Second, investors should measure innovation relative to what exists in the market. As a common criterion of impact investment strategies, the term “innovation” becomes a hurdle when it takes on meaning beyond its fundamental definition. Instead of embodying a process whereby value comes from iteration and willingness to fail, investors often use “new” or “tech” as shorthand for effectual. Innovation can be impactful, but only if considered in context. In fragile markets, there is an urgent need for expansion of tried-and-true models that can meet basic human needs. The hospital in South Sudan might not be investing in mobile medicine, but it is investing in simple technologies taken for granted in other markets, such as CT scans and defibrillators. In fragile markets, proven models represent an untapped reservoir of impact potential. What’s new isn’t necessarily what’s needed. Let’s scale boring ideas that work.

By adopting a broader definition of impact, investors can more effectively engage and drive positive change in fragile markets.

2. Investors, not entrepreneurs, should be impact literate.

In fragile states, investment processes that require polished “impact stories” and measurement procedures mean investees must develop literacy in the foreign language of impact terminology. This requirement for “impact literacy” is often counter-productive and favors the slick over the substantive.

We assisted an entrepreneur in South Sudan seeking capital to expand his poultry operation, which would improve local nutrition and empower local farmers. Enchanted by a diverse landscape of capital options, the entrepreneur shopped his investment proposal to a nonprofit challenge fund, a development finance institution, nonprofit technical assistance providers, and foreign-service attachés. He did all this before he even reached out to a commercial bank. Each of these providers had rigid objectives, criteria, and timelines for the entrepreneur to grapple with. It was overwhelming for a lean entrepreneur—his expertise was poultry not PowerPoint.

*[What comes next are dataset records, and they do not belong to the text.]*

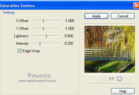22. Effetti>Plugins>FM Tile Tools - Saturation Emboss, con i settaggi standard.
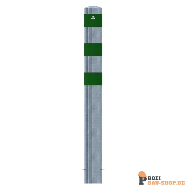 Technische Daten Rammschutzpoller als E-Ladesäulenschutz, Ø 152 mm, feuerverzinkt mit 3 grün reflektierenden Streifen Folie Typ RA1/A, zum Einbetonieren, Gesamthöhe 1200 mm
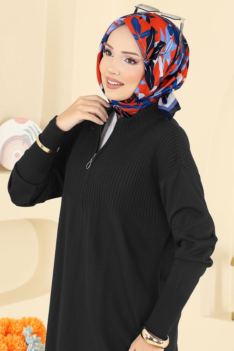 Yarım Fermuarlı Triko Elbise Siyah
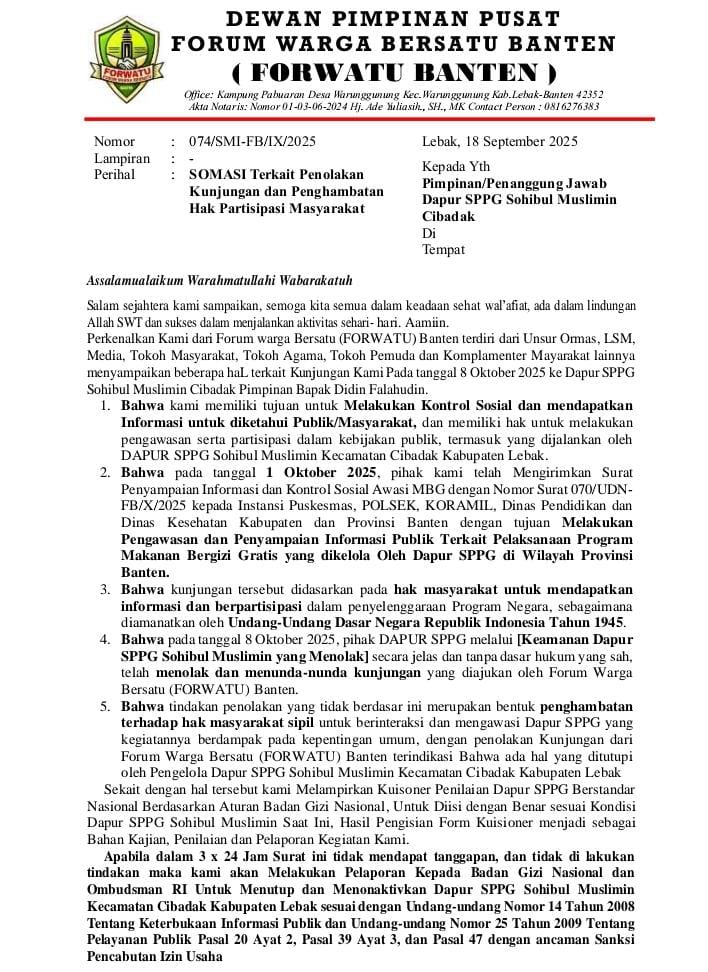 Wartaindonesianews.web.id – Lebak – Surat Somasi bernomor 074/SMI-FB/IX/2025 dilayangkan oleh Forum Warga Bersatu (Forwatu) Banten, sebagai tindak lanjut dari hasil investigasi yang dilakukan oleh Tim Khusus Awasi MBG Forwatu Banten.
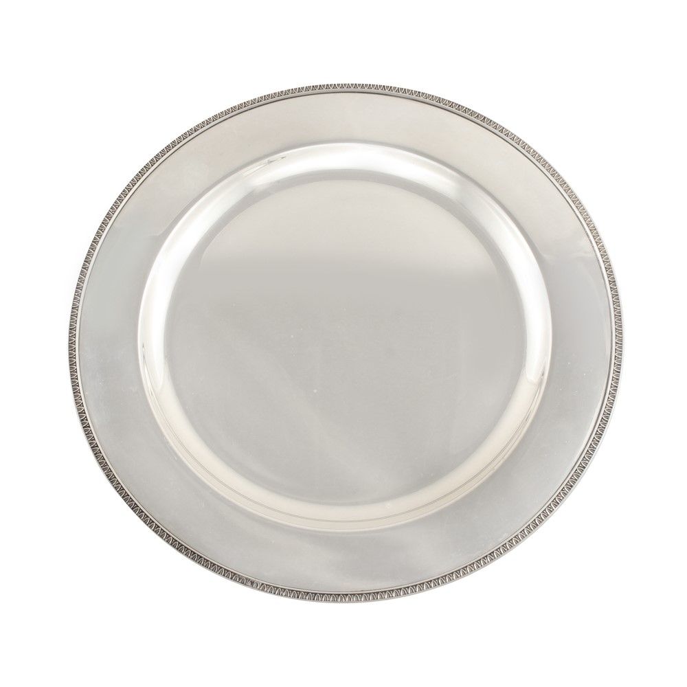 in argento 925 a corpo circolare liscio con tesa a larga fascia e bordatura a palmette, gr. complessivi 4727 ca., diametro 28 cm.
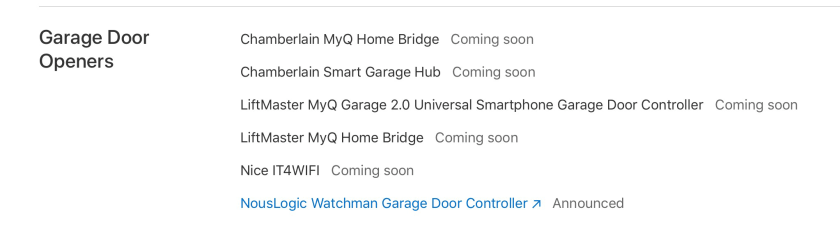 I counted 37 different accessories on this page that are listed as “Announced” or “Coming Soon”. In fact the entire Garage Door category is full of products that don’t actually support HomeKit yet! THE ENTIRE CATEGORY!

In this context, investors should consider the outcome they want to achieve, but keep their criteria broad and their implementation simple. Application, due diligence, and disbursement processes should add value rather than create barriers. Burdensome requirements reward savvy not substance. Local entrepreneurs often struggle with procedure and aren’t great at selling “their story.” If expectations for investees’ impact literacy are too high, then the money often flows to Western-originated social enterprises, and local enterprises producing real, tangible outcomes are inadvertently excluded.

In fragile markets, investors should seek impact—not impact literacy—from investees. The “process burden” should fall on the party best equipped to shoulder it—the investor themselves.


The growing community of impact investors is making exciting progress in tackling global challenges. Yet as we progress in the crowded hubs of Nairobi and Lagos, we are leaving behind other markets just one connecting flight away. Impact and profit are there in fragile and conflict-affected states for those brave and resourceful enough to look.